Kulumadau is a large, rural non-village (as per the official 1990 Woodlark Island census) on Woodlark Island, Milne Bay Province Papua New Guinea. It is served by Guasopa Airport. Its population during the 1990 census was 242, though it has since grown extensively; its current population is reported to be about 2,500 people, but there are no official sources for this number, as the last official census was taken in 1990 (this is the case in many rural islands of Milne Bay). There is a large primary school in Kulumadau (Kulumadau Primary School), where 200 students are taught (60 coming from outer islands). Students must travel to Alotau on the mainland to attend secondary school. Kulumadau (along with Guasopa) was built in the post-colonial times, and as such, is not considered a traditional village of Woodlark, however, since its inception, Kulumadau has been the primary population center on Woodlark Island.

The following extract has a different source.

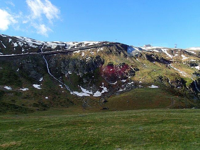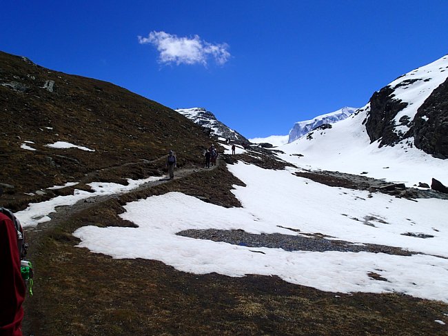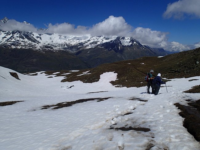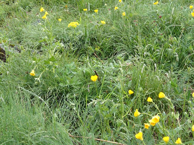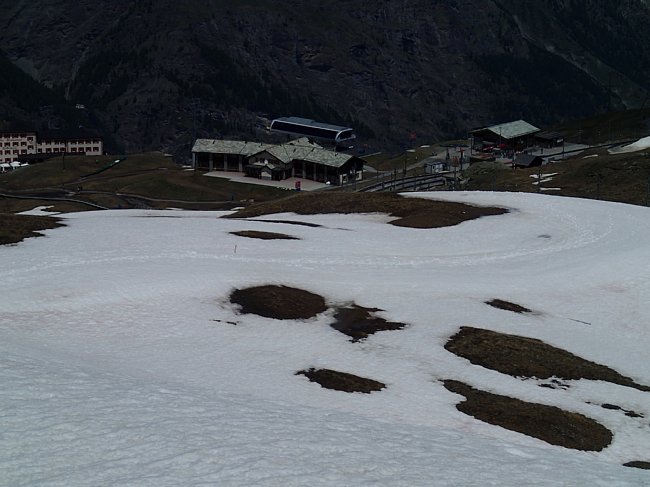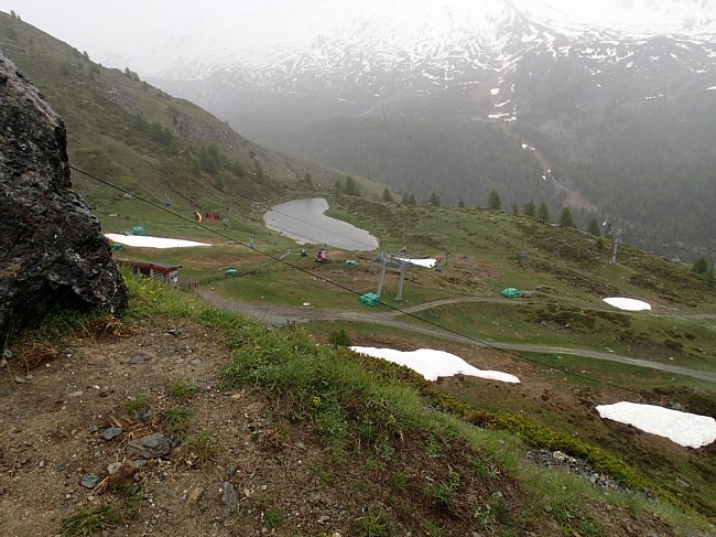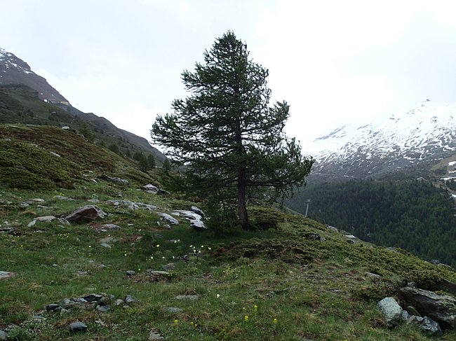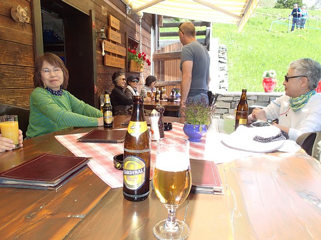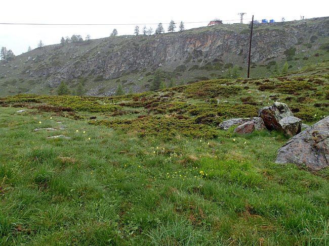 6月はまだ雪が多いのでシルトホルンへは上がらず、バスとロープウエーでスルワルトに上がり、ロープホルンヒュッテへフラワーハイキング。

Kulumadau is located near the head of Kwaiapan Bay, 14 km north of the village of Bonagai and 18 km south of the village of Dikoias. Modern gold exploration was initiated in 1962 with the Bureau of Mineral Resources undertaking surface geochemistry, limited geophysics and diamond drilling during 1962 and 1963 at Kulumadau. Since 1990, Kulumadau has gained a medium-sized timber company (Milne Bay Logging) and a mining exploration camp (BHP).